What seemed new in the late 1990s was the result of the creativity and self expression of the talented group of individuals who started making planting schemes that were clearly different from what was conventional at the time. Each designer had their own unique vision, but together they began assembling a pallet of plants that could be used to express their ideas. These plants were nearer to the wild species rather than the highly bred cultivars of traditional herbaceous borders, and that was something new.

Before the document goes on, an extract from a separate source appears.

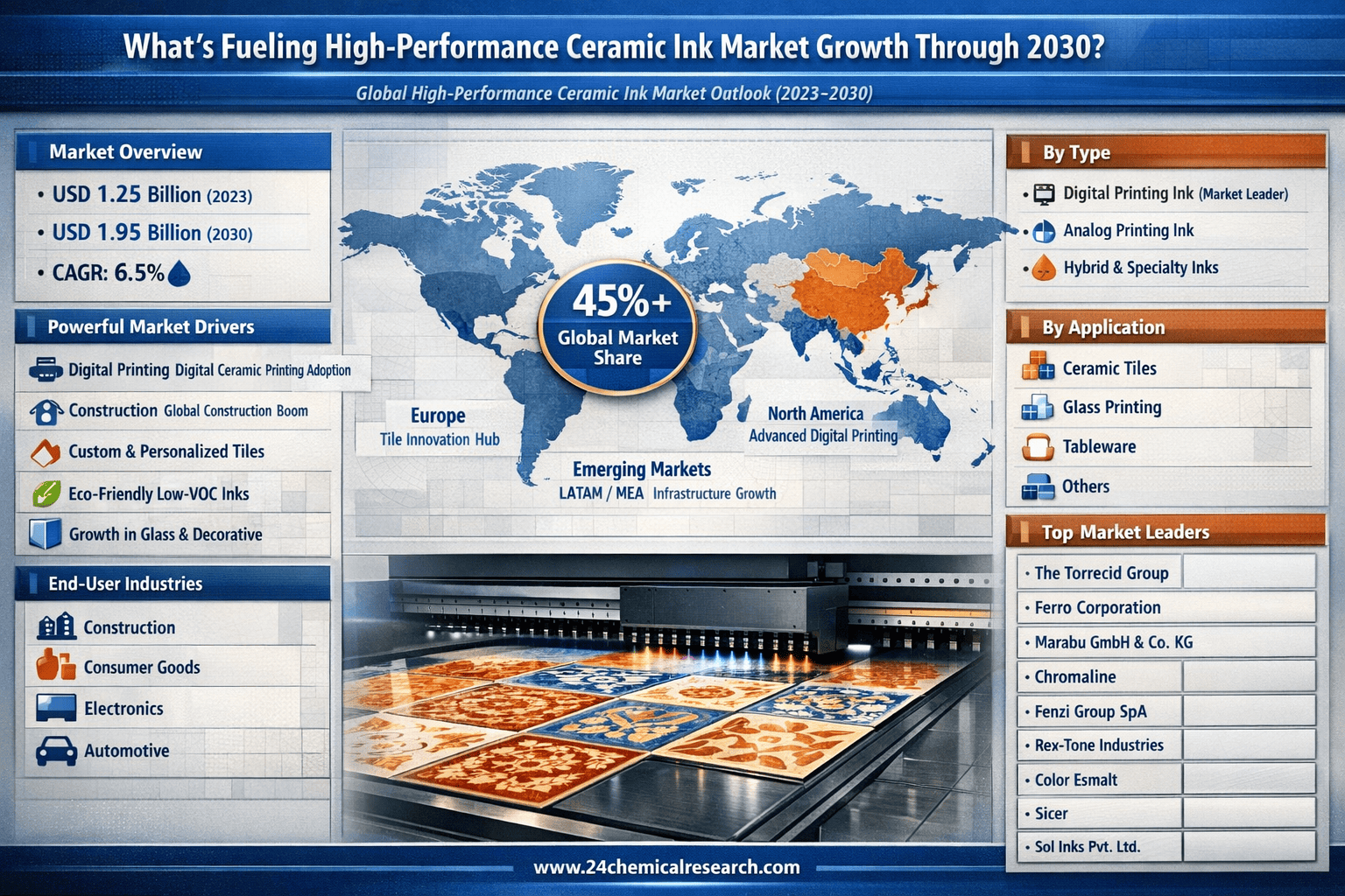 According to 24Chemical Research, Global High-performance Ceramic Ink market was valued at USD 1.25 billion in 2023 and is projected to reach USD 1.95 billion by 2030, exhibiting a remarkable CAGR of 6.5% during the forecast period.

Now that the Dutch Wave has been renamed all we are left with is the look. New Perennial Planting has become pan-global with the same formula, using the same “new” plant assortment, being trotted out over and over again. Its success is fuelled by the sheer beauty of the plants it contains, but its integrity has been lost – leaving us with just another style of decorative planting.
Do you remember the New American Garden? It was something new in the 1980s when Jim van Sweden and Wolfgang Oehme started tearing up American lawns and replacing them with massive blocks of perennials. Once again what started as an inspired philosophy became just another decorative approach to planting within a decade. Nobody talks about the New American Garden anymore.
Now apparently America has discovered native plant gardening which is wrapped up with claims of environmental benefits and sustainability. This is again something that is very definitely not new, but already it is being awarded the badge of newness. Wild gardening has been promoted many times in the past in particular in Germany, the Scandinavian countries, Holland and, of course, England. At its best it has two justifications: educational and site sensitive planting.
The Dutch “heem” parks are an excellent example of this. Pragmatically, native plants are grown in sites that would be inhospitable to most common garden plants. These wild species are adapted to such extremes and thrive. By using them in bold artificial planting schemes they become stunningly attractive and thereby encourage city dwellers to become aware of these heritage species and learn about the conditions that they are adapted to grow in – education and site sensitive planting. These parks are distributed throughout the Netherlands, they are more than fifty years old so very defiantly no longer new. I wrote about them last year – here.
Wild gardens that bring nature within reach of the greater population are defiantly worthwhile, but please don’t hold them up as the new best practice. Too often they are highly contrived and totally inappropriate for their situations, but come wrapped up in environmental or habitat sustaining credentials.
Gardening is not landscape architecture nor nature conservation. It is a form of aesthetic self expression and any attempts to afford it greater worthiness by applying unnecessary credentials of ecological merit are dishonest. Of course gardens benefit the environment and native wildlife, but first and foremost they are for human enjoyment and that is as true today as it ever was.